_Work to complete:_ Begin with the line that holds "利用度量张量的概念,可以非常" and retype through the last line of the listing below, exactly; pictures are not part of the copy.

>>>

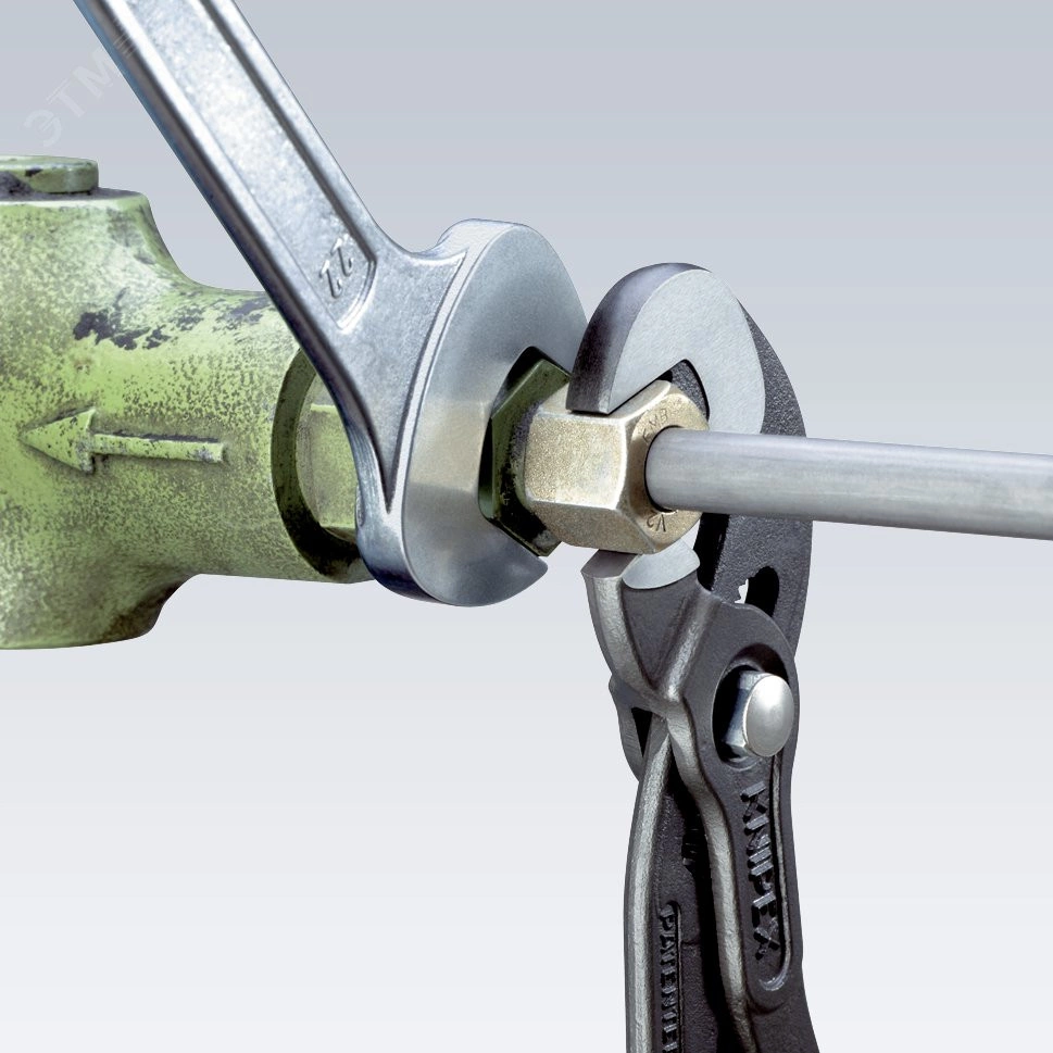 Клещи переставные - гаечный ключ для метрических и дюймовых гаек и винтов под размер 10 - 32 мм (3/8-1 1/4 дюйма). самофиксация на деталях от 17 мм - предотвращается соскальзывание с детали. фиксация инструмента на шестигранных головках метрических или дюймовых винтов - без люфтов, головки винтов не скругляются. надежный и прочный захват скругленных, заржавевших или закрашенных гаек и винтов, идеальны для работы с автомобильными тормозными системами. быстрое закрепление и ослабление винтовых соединений по принципу трещоточного ключа. настройка раствора губок непосредственно на детали одним нажатием кнопки, возможна также одной рукой. настройка непосредственно на детали при одновременно удобном расположений ручек. коробчатый шарнир - высокая стабильность благодаря двум направляющим
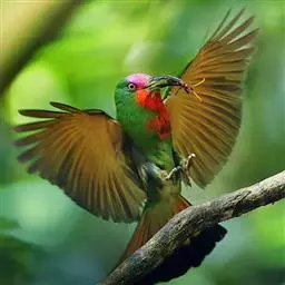 南红蜂虎中等大小,嘴形细长而下弯,先端尖,嘴峰有棱脊;脚细弱,中趾与外趾至少连结至基部第二个关节,与内趾则仅于基部的第一个关节并连;初级飞羽10片;尾羽12片;翅膀长度适中,腿短,有些种类尾部有飘带。羽色艳丽,两性相似,幼鸟似成鸟。生活于村庄附近丘陵林地;树栖性;以空中飞虫为食,特别喜吃蜂类;在山地土壁挖隧道为巢;卵形颇圆,白色。该科鸟类遍布旧大陆的热带和温带区域。
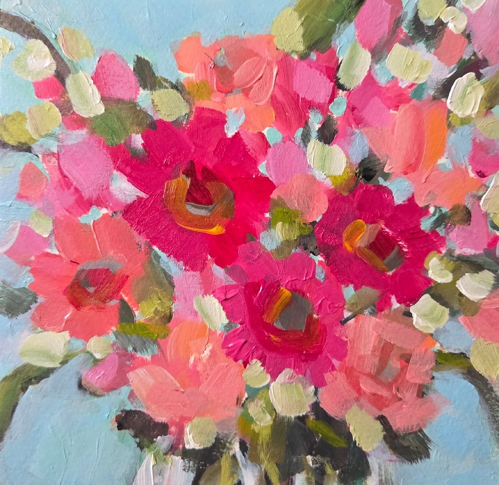 Floral painted in acrylic on 8x8 inch 140lb cold pressed watercolor paper
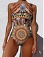 Damen Badeanzug Einteiler Slips Bademode Urlaub Mode Grafik Geometrisch Rundhals Ärmellos Badeanzüge
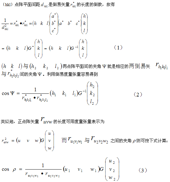 利用度量张量的概念,可以非常方便地求出晶体中的晶面间距、晶面之间的夹角、晶向长度和晶向之间的夹角。
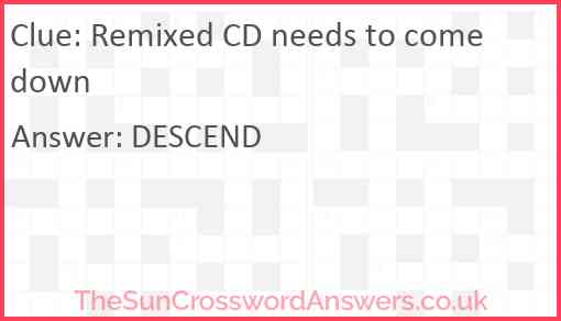 Remixed CD needs to come down is a crossword clue for which we have 1 possible answer and we have spotted 1 times in our database. This crossword clue was last seen on 06 May 2021 in The Sun Cryptic Crossword puzzle!
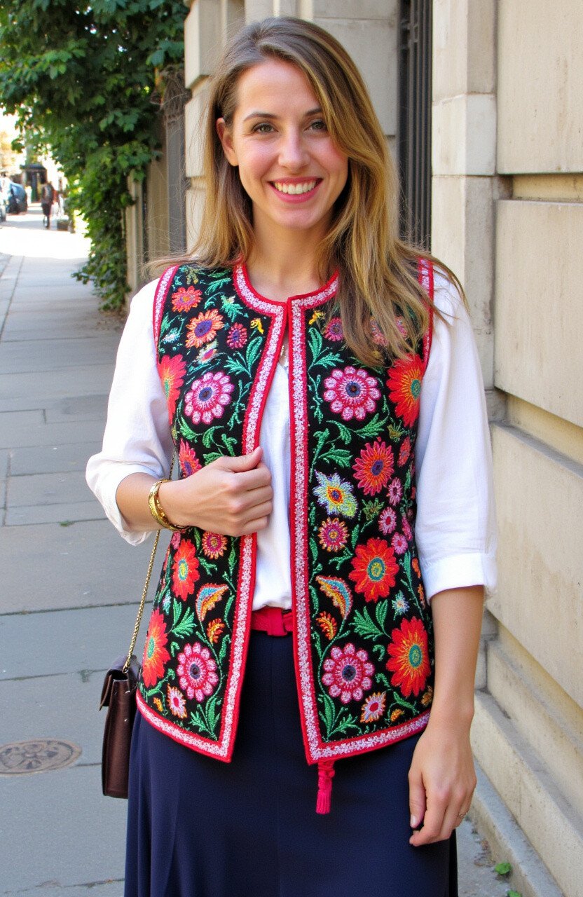 Add a touch of tradition with a Hungarian embroidered vest. It’s a piece that brings color and texture to your outfit.
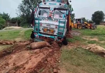 गायों पर मौत बनकर टूटा ट्रक: रफ्तार की भेंट चढ़े मासूम मवेशी
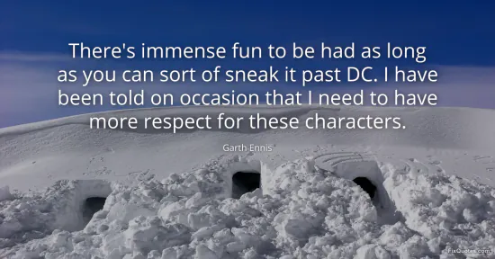 Ennis, Garth. "There's immense fun to be had as long as you can sort of sneak it past DC. I have been told on occasion that I need to have more respect for these characters." FixQuotes. January 15, 2026. https://fixquotes.com/quotes/theres-immense-fun-to-be-had-as-long-as-you-can-164692/.
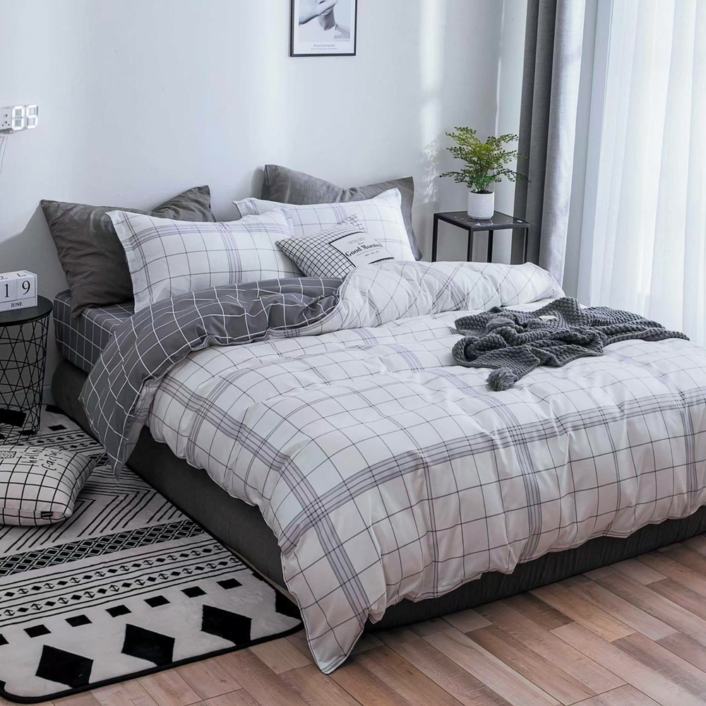 Lenjerie pat dublu cu doua feţe, bumbac satinat, 4 piese, Alb, Gri, patratele, Johny Home Pucioasa, cod produs: SPR-A50-669

<<<

_Result:_
 利用度量张量的概念,可以非常方便地求出晶体中的晶面间距、晶面之间的夹角、晶向长度和晶向之间的夹角。
 Remixed CD needs to come down is a crossword clue for which we have 1 possible answer and we have spotted 1 times in our database. This crossword clue was last seen on 06 May 2021 in The Sun Cryptic Crossword puzzle!
 Add a touch of tradition with a Hungarian embroidered vest. It’s a piece that brings color and texture to your outfit.
 गायों पर मौत बनकर टूटा ट्रक: रफ्तार की भेंट चढ़े मासूम मवेशी
 Ennis, Garth. "There's immense fun to be had as long as you can sort of sneak it past DC. I have been told on occasion that I need to have more respect for these characters." FixQuotes. January 15, 2026. https://fixquotes.com/quotes/theres-immense-fun-to-be-had-as-long-as-you-can-164692/.
 Lenjerie pat dublu cu doua feţe, bumbac satinat, 4 piese, Alb, Gri, patratele, Johny Home Pucioasa, cod produs: SPR-A50-669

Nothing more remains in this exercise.